Eu não tenho nada para dizer nesse Blog que acrescente
alguma coisa. Todo mundo sabe minha opinião. Um esquerdista na adolescência que
estudou economia e matemática e virou direitista. Que original! Parece o
comentário do judeu Wolowitz, da série “Big Bang Theory” dizendo: “Wow! A
jewish comediant making stand-up comedy! How original!”. Sim, eu odeio o PT,
sou contra cotas raciais, sou contra médicos cubanos ganhando duzentos reais no
Mais Médicos e mandando nove mil reais por mês pra Cuba e odeio Guido Mantega e
o considero um completo desqualificado para ser Ministro da Fazenda. Finalmente, não gosto de ser chamado de direitista
porque sou a favor do Bolsa-Família, sou a favor do casamento gay e de qualquer
outro direito social que não seja picaretagem demagógica de esquerdista
picareta. E sou a favor da prisão de qualquer corrupto, seja ele do PT ou de
qualquer outro partido. Aceito protesto em relação a ausência de condenação
para qualquer político que não seja do PT, mas criticar a condenação de petistas
por corrupção é, para mim, pura falta de
vergonha na cara. Pois é. Boooooring. Booooring no último.
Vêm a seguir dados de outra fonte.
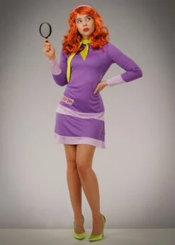A lovely adult size official Scooby Doo costume, this womens Daphne outfit includes a purple dress with printed Scooby Doo logo, lilac headband, auburn wig with fringe and a green neck tie.

O que resta? Esta pergunta me lembra a pergunta feita ao
filósofo João Gordo num programa de TV dos anos 90. O entrevistador inquiriu:
por que o Ratos do Porão não faz mais músicas? E o preclaro respondeu: sei lá,
vou falar sobre o que? Maçãs podres? Eu me faço a mesma pergunta todo dia. O
que existe além da liberdade da imaginação literária nos nossos tempos de
suposta liberdade democrática? A verborragia inútil no Facebook ou o prazer de
ironizar com metáforas e muitas outras figuras de linguagem? Acho que Nara Leão
teria morrido antes, de desgosto, se soubesse o que a Opinião seria em 2014.